Судя по словам Любови Григорьевны, она приехала к мужу в Москву в конце девятисотого или в начале девятьсот первого года.
Год прожили в Москве вместе, и у нее «...стала появляться мысль, что так дальше невозможно, что это что-то ужасное».
И когда член судебно-следственной комиссии товарищ Берг просит товарища Любовь Григорьевну говорить подробнее, то в стенограмму протокола ложатся такие строчки:
«...Во-первых, грубости: иногда приходилось выслушивать от него ужасные вещи, такие ужасные, что я совершенно не могла переварить».
Однако о бедности, всю жизнь до этого преследовав-шей Азефа, речи уже не идет — Зубатов всегда держал слово, и все обещания его ценят, как ценит и его покровитель Сергей Васильевич. В эти годы, по словам Любови Григорьевны, Азеф «в деньгах не нуждался, застраховал свою жизнь в 6 тысяч или в 25 тысяч». Сняли хорошую квартиру, а когда «родился маленький мальчик», взяла двух прислуг. И все же Любовь Григорьевна опять говорит, что для нее это была «жизнь сбоку». И опять возвращается, как закомплексованная, к внутренней характеристике ее бывшего мужа:
«...B обществе он не мог говорить. Если сидят два-три человека, то он мог пустить пыль в глаза. У него всегда был такой спокойный вид, такой очень самоуверенный, спокойный вид».
«...я никогда его умным не считала»...
«Он не глуп, но чтобы он был особенно умным — этого я совершенно не могу сказать. И то, что он сыграл такую крупную роль в партии, я этого, собственно говоря, и до сегодняшнего дня не могу понять».
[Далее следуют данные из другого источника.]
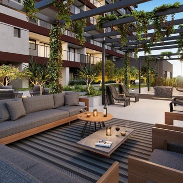 4º andar: Lavanderia, Fitness, Crossfit, Yoga, Coworking, Jardim Descoberto, Pit Fire e Praça da Fonte.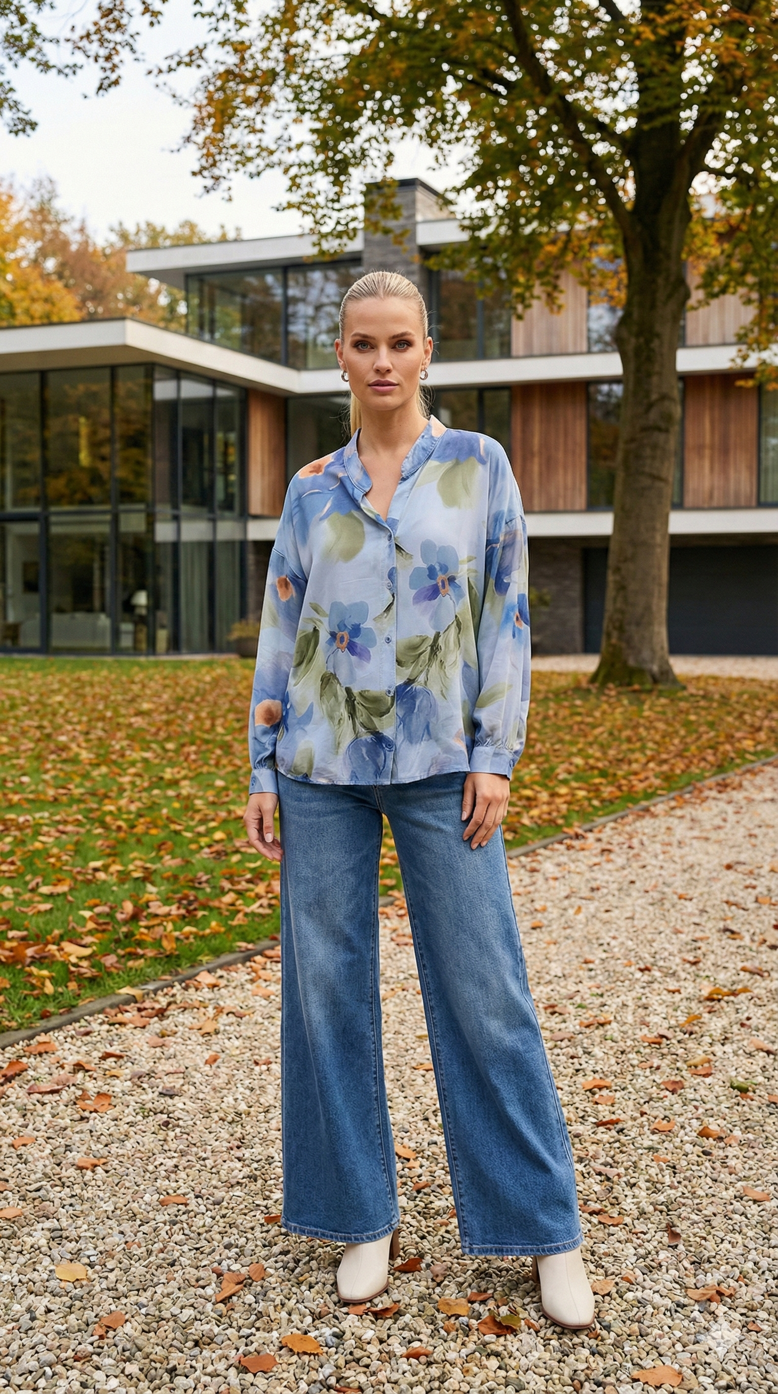 İtalyan Mavi Desenli Hakim Yaka Kollu Viskon Gömlek
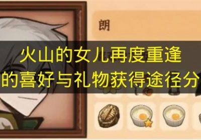 在《火山的女儿:再度重逢》里,朗喜欢金色兰花、小狐狸之类的物品。能大幅提升他好感度的关键礼物有奶油焗蛋(通过烹饪获取)、蓝色的宝石蛋(在冰霜峡谷事件中可得)、史前的化石(冥滩事件产…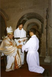 Se ordenó en la Catedral de Salamanca el 3 de mayo de 1998, con 27 años, de manos de Mons. Braulio Rodríguez, junto a Jorge García. “Fue un día bonito, aunque casi no lo vive”, reconoce. Miguel Martín Yuste evoca con cariño cómo vino a su ordenación un grupo de la comunidad parroquial de Alba. De ese día revive algunos detalles, y personas: “Don Alipio Ruiz me revistió y don José Adolfo Sánchez me hizo la casulla”. Los dos habían sido párrocos de su pueblo natal, Cespedosa de Tormes.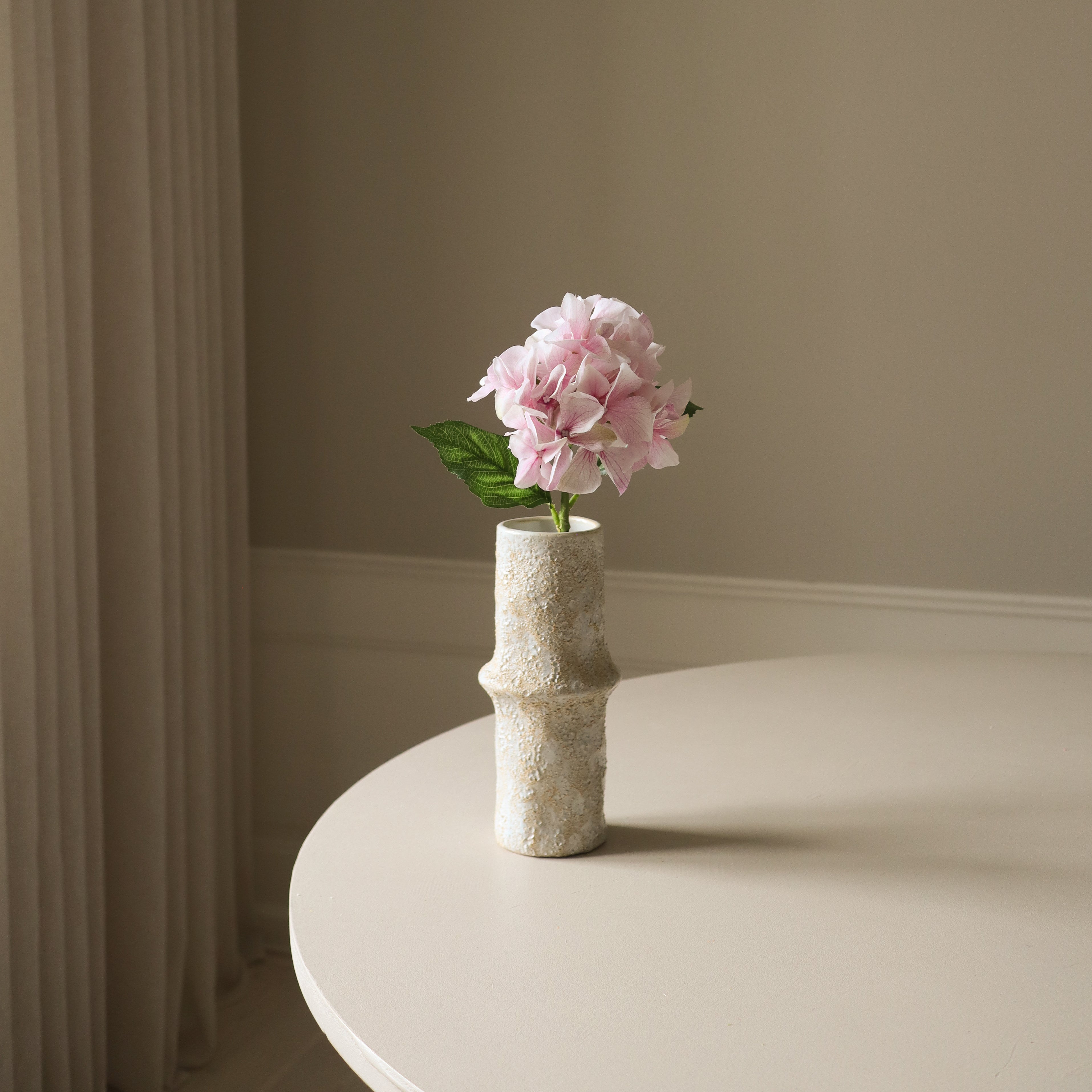 The Small Ceramic Earth Vase featured in the image measures 24,5 cm in height and 8 cm in diameter.

«... у него было умение держаться всегда с каким-то апломбом, самоуверенностью, точнее, он всегда подавлял других своей манерой держаться».
3 апреля 1902 года киевский студент Степан Балмашев явился в Мариинский дворец, в помещение Государственного совета к министру внутренних дел Дмитрию Сергеевичу Сипягину, прославившемуся к тому времени жестоким подавлением студенческих волнений. Одетый в военную форму, Балмашев представился адъютантом великого князя Сергея Александровича, прибывшим к министру со срочным поручением. И когда Сипягин, удивленный этим визитом, вышел навстречу «великокняжескому адъютанту». Балмашев разрядил в него браунинг. Сипягин был смертельно ранен.
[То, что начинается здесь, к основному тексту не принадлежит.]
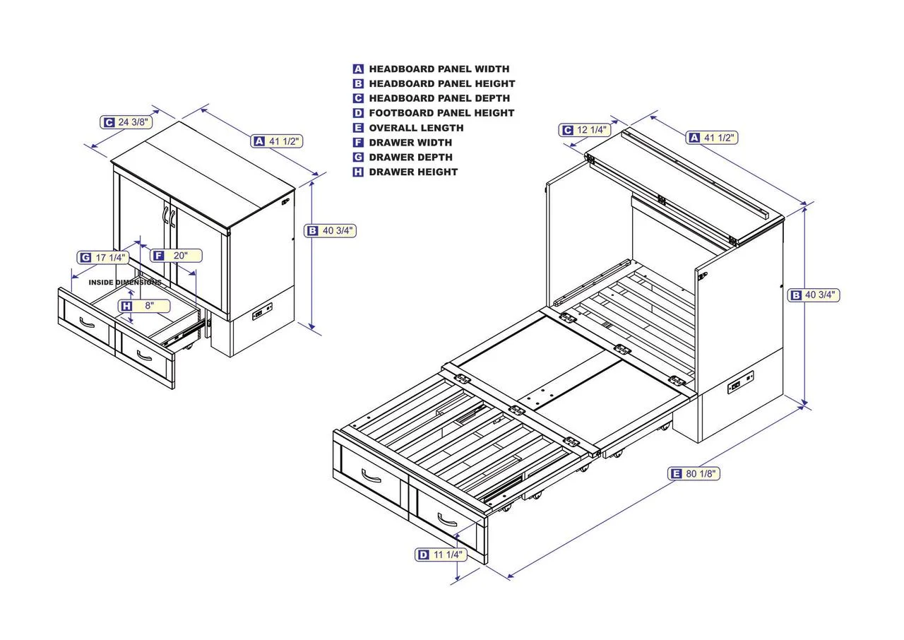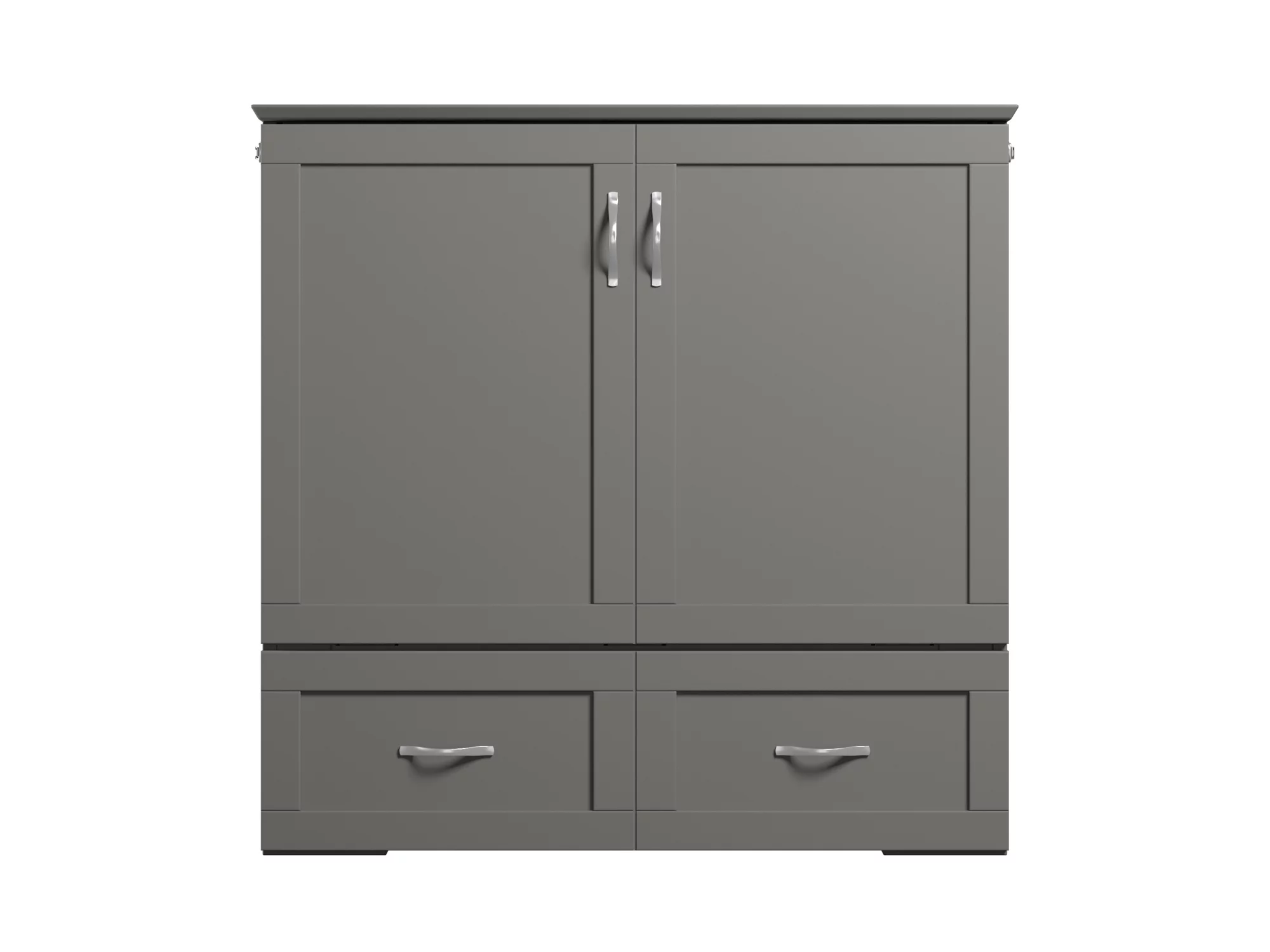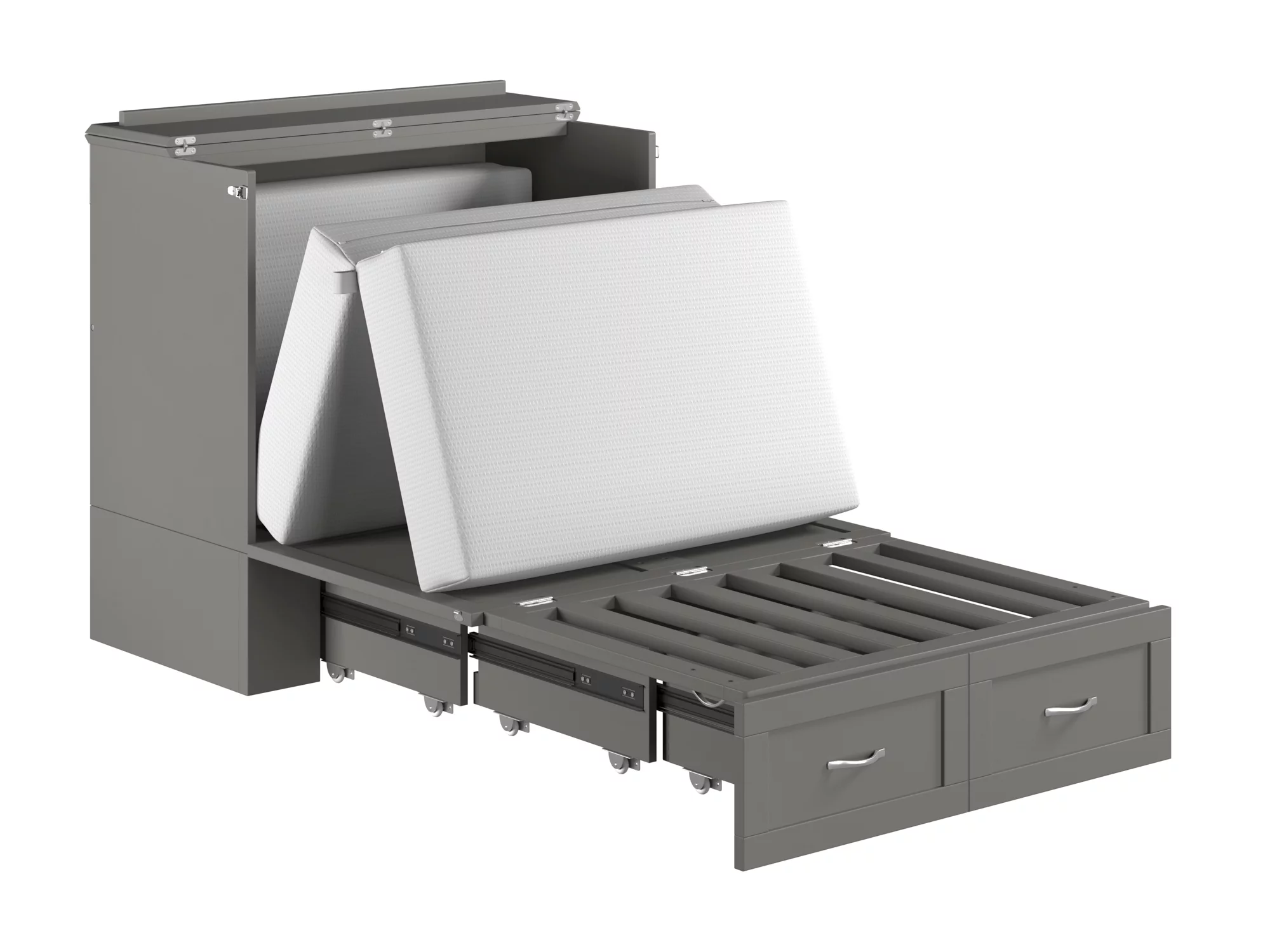 AFI Hamilton Twin XL Solid Wood Murphy Bed Chest with Mattress, Drawer and Charger, Grey

Эсеры заявили, что Балмашев выполнял задание их Боевой Организации. Глава организации Гершуни назвал эту акцию первым ударом по самодержавию и планировал сразу же нанести второй и третий: во время похорон Сипягина эсер (офицер) Григорьев и его невеста Юрковская должны были застрелить Победоносцева и петербургского генерал-губернатора Клейгельса. Сделать это им не удалось.
И Любовь Григорьевна рассказывает о реакции Азефа на акцию Балмашева:
«...Когда он прочитал, что убит Сипягин, он страшно волновался, кричал... радовался, как ребенок... тогда человек положительно горел, раньше я его таким никогда не видела. Только это был настоящий революционер... и этот человек так интенсивно стал жить революцией, что меня он совершено забыл, и я даже помню случай, когда он мне прямо сказал: я теперь занят другим, я тебя теперь не замечаю.
Раньше он очень любил ходить по театрам, по кафе-шантанам, а теперь он все это совершенно забросил...»
Балмашев был повешен ровно через месяц после своих выстрелов — день в день — 3 мая 1902 года в Шлиссельбурге. Эсеры заявили, что он выполнил решение их партии.
Но еще раньше, 14 февраля 1901 года, студент Петр Карпович явился на прием к министру народного просвещения Боголепову, стоявшему за постановлением об отдаче в солдаты участников студенческих волнений, и смертельно ранил его выстрелом из пистолета.
Зубатову сообщили, что, узнав о выстреле Карповича, Азеф громогласно и радостно заявил:
— Ну, кажется, террор начался!
Сергей Васильевич при очередной встрече и не подумал упрекнуть своего секретного сотрудника: эмоции их были схожи, и Азеф пока еще четко исполнял указания своего начальственного покровителя.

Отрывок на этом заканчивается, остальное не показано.